沉重的购物袋被随意丢弃在玄关的地毯上,发出沉闷的声响。洋房内重新陷入一片寂静,只有中央空调发出几不可闻的送风声,以及两人轻微的脚步声。
从街头偶遇同学带来的那种荒谬的、扭曲的轻松感,在踏入这栋房子的瞬间,如同潮水般褪去,留下的是更加粘稠和令人窒息的寂静。林澈亦步亦趋地跟在苏曼卿身后,手里还下意识地提着几个轻便的袋子,指尖因为用力而微微发白。
他没有被带回昨晚那间客房,也没有被带到客厅。苏曼卿步履不停,径直走上了通往二楼的螺旋楼梯,高跟鞋敲击木质台阶的声音在空旷的空间里回荡,每一声都像是敲在林澈紧绷的心弦上。
二楼,主卧。
那扇厚重的、雕刻着繁复花纹的实木门被苏曼卿推开。一股比楼下更浓郁、也更私密的冷香扑面而来,混合着她身上残留的香水味,形成一种极具侵略性的气息。房间极大,视野开阔,装修极尽奢华与舒适之能事,巨大的落地窗将午后的阳光过滤成柔和的光晕,洒在昂贵的地毯和华丽的家具上。
但林澈无暇欣赏这奢华的陈设。他的心脏在胸腔里狂跳,一种不祥的预感如同冰冷的毒蛇,缠绕着他的四肢百骸。苏曼卿带他来这里干什么?
苏曼卿反手关上了门。厚重的门扉隔绝了外界最后一丝声响,房间内只剩下两人轻微的呼吸声。
她没有开主灯,只拧亮了床头一盏造型别致的水晶台灯。暖黄的光晕将房间的大部分区域笼罩在朦胧的阴影中,却恰好照亮了床前一片区域。
她转过身,面对着林澈。逆着光,她的身影显得愈发高挑妖娆,脸上浓艳的妆容在暖光下柔和了几分,但那双画着精致眼线的凤眸,却亮得惊人,里面翻涌着林澈看不懂的、极其复杂深沉的情绪——有掌控一切的笃定,有发现稀世珍宝的狂喜,还有一种近乎献祭般的、灼热的期待。
“把东西放下。”她开口,声音比刚才在街上时要低沉沙哑一些,带着一种不容置疑的命令口吻。

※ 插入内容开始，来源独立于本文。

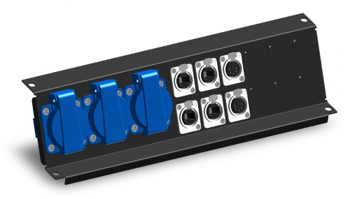 2*XLR5F, 2*RJ-45, 2*RJ-45 cat6-a, 6 отверстие под D-фланец |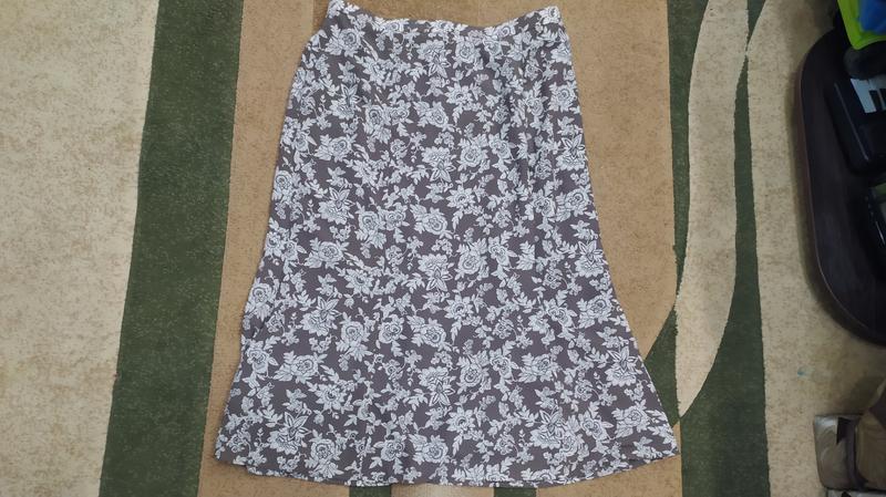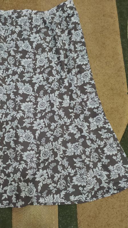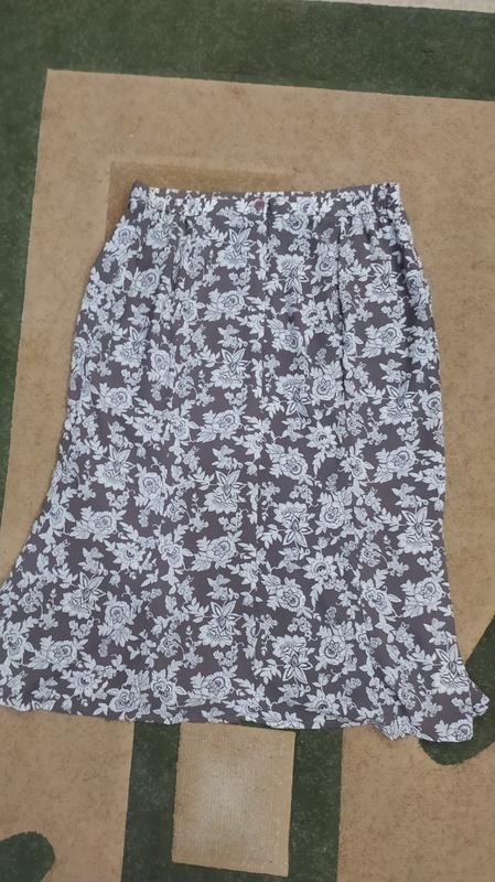 Юбка- миди полуклеш, в бежево-коричневый цветочный принт m&s( размер 14-16)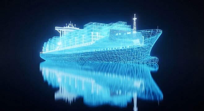 Futuristic Blue Holographic Cruise Ship Projection on Black Background.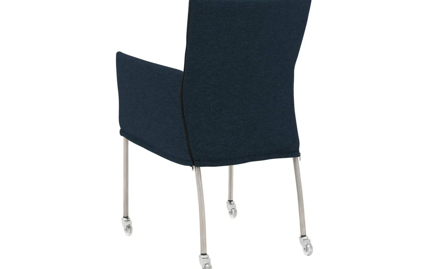 Mit seinen klaren Linien und dem fein gewebten ‚Broadway, marine‘ Stoff hat der Esszimmerstuhl Funk eine zeitlose Ausstrahlung. Dieser blaue Stuhl ist für jahrelange Nutzungsfreude konzipiert, mit einem Stoff, der intensivem täglichen Gebrauch standhält. Das gebürstete Edelstahlgestell bietet eine solide und stilvolle Basis, komplett mit praktischen Rollen.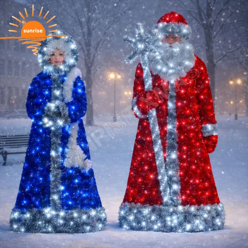 Décoration de Noël LED extérieure 3D de qualité supérieure, motif personnalisé Père Noël et Mère Noël, figurines lumineuses pour les fêtes commerciales
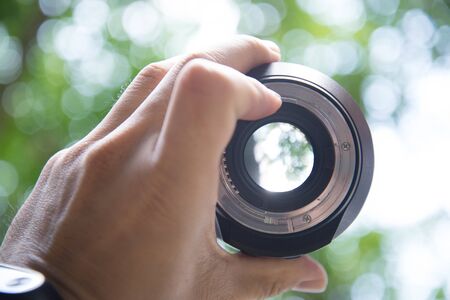 man s hand holding professional digital camera lens. High quality beautiful photo concept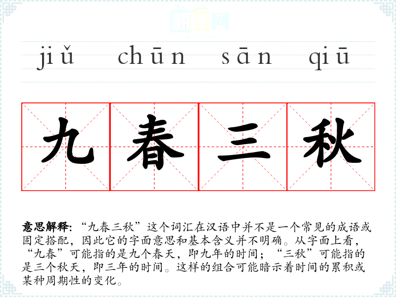 由于“九春三秋”不是一个常用词汇,它的词源和历史演变并不明确。可能是某个特定文学作品或历史文献中的创造性用法,后来没有被广泛接受或流传。

林澈如同被操控的木偶,僵硬地松开手指,几个购物袋滑落在地毯上,发出轻微的窸窣声。
苏曼卿没有再看那些袋子,她的目光,如同实质般,牢牢锁在林澈身上。然后,她做了一个让林澈大脑瞬间空白、血液几乎冻结的动作。
她抬起手,纤长的手指,搭在了自己那件黑色皮质西装外套的金色双排扣上。
一颗,两颗……
金属扣子被解开的声音,在死寂的房间里清晰得刺耳。
林澈的瞳孔骤然收缩,呼吸停滞,眼睁睁地看着那件气场强大的外套,从她圆润的肩头滑落,无声地坠落在她脚边的地毯上。
里面,是那件紧紧包裹着身躯的黑色修身吊带短裙。极简的设计,极致的性感。
苏曼卿的动作没有停。
她的手,移到了吊带裙侧面的隐形拉链上。
“嘶拉——”
细微的拉链声,如同毒蛇吐信。
黑色短裙失去了束缚,顺着她光滑的肌肤,缓缓滑落,堆叠在脚踝处,如同凋零的黑色花瓣。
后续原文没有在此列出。